[REQUIRED WORK]: Output exactly, in the material below, the lines from the one with "Hansgrohe Talis S" through the one with "Elegantes zapatos de". Omit all pictures.

[WORKING DATA]:
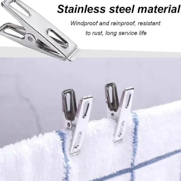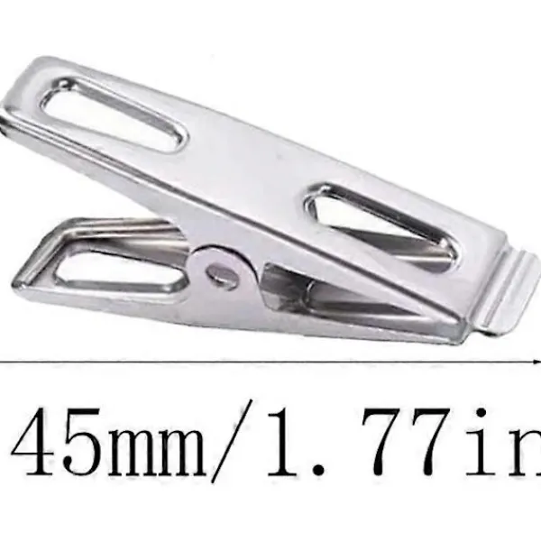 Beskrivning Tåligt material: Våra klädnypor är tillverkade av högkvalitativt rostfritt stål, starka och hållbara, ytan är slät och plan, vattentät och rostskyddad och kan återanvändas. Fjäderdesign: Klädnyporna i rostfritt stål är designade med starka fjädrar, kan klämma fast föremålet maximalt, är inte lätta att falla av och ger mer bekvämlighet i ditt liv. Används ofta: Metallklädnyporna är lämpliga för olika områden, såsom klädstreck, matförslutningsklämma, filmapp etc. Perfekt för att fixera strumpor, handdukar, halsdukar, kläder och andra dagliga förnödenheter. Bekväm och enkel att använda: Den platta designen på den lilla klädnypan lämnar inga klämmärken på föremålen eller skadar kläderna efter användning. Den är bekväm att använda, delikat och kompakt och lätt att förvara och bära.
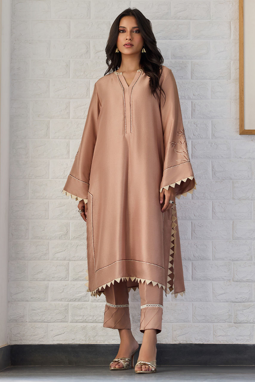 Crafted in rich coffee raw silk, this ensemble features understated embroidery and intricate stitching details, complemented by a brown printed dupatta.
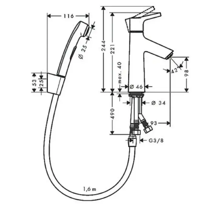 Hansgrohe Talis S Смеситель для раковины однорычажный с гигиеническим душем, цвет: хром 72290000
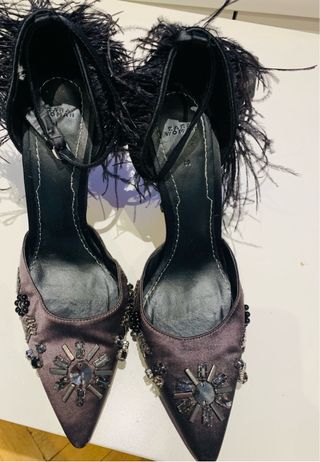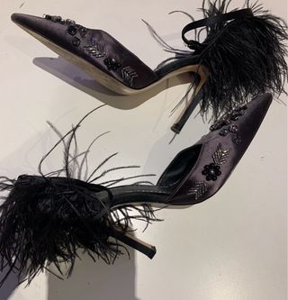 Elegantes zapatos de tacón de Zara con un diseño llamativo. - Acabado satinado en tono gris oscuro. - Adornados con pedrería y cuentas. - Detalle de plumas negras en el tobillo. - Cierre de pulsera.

==

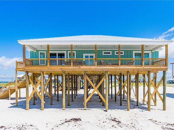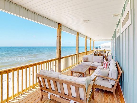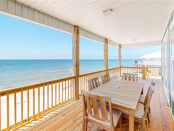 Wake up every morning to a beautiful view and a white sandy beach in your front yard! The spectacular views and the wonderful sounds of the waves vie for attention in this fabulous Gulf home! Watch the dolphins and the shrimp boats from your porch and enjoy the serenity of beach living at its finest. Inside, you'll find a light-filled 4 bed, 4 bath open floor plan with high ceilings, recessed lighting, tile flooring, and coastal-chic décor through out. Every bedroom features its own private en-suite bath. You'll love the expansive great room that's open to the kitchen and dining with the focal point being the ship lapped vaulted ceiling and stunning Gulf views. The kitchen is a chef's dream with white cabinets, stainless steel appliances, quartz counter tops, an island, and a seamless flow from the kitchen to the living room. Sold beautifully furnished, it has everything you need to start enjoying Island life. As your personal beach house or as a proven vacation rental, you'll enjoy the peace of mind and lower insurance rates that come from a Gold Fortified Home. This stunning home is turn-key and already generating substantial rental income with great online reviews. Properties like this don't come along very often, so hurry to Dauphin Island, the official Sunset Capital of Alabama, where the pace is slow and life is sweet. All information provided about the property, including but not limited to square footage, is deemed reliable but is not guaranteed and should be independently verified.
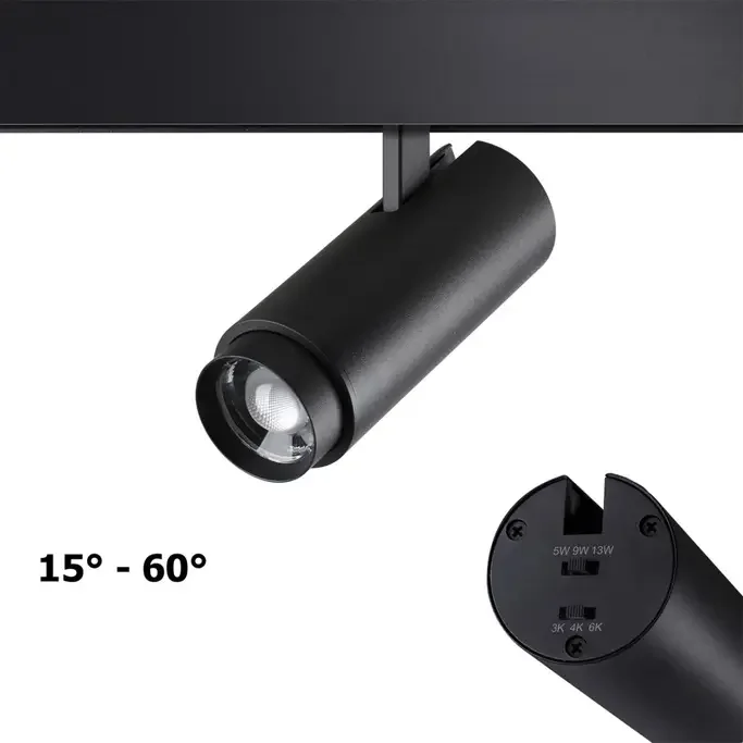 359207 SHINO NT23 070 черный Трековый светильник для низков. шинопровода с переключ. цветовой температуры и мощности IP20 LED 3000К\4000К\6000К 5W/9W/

[SOLUTION TO THIS PROBLEM]:
 Hansgrohe Talis S Смеситель для раковины однорычажный с гигиеническим душем, цвет: хром 72290000
 Elegantes zapatos de tacón de Zara con un diseño llamativo. - Acabado satinado en tono gris oscuro. - Adornados con pedrería y cuentas. - Detalle de plumas negras en el tobillo. - Cierre de pulsera.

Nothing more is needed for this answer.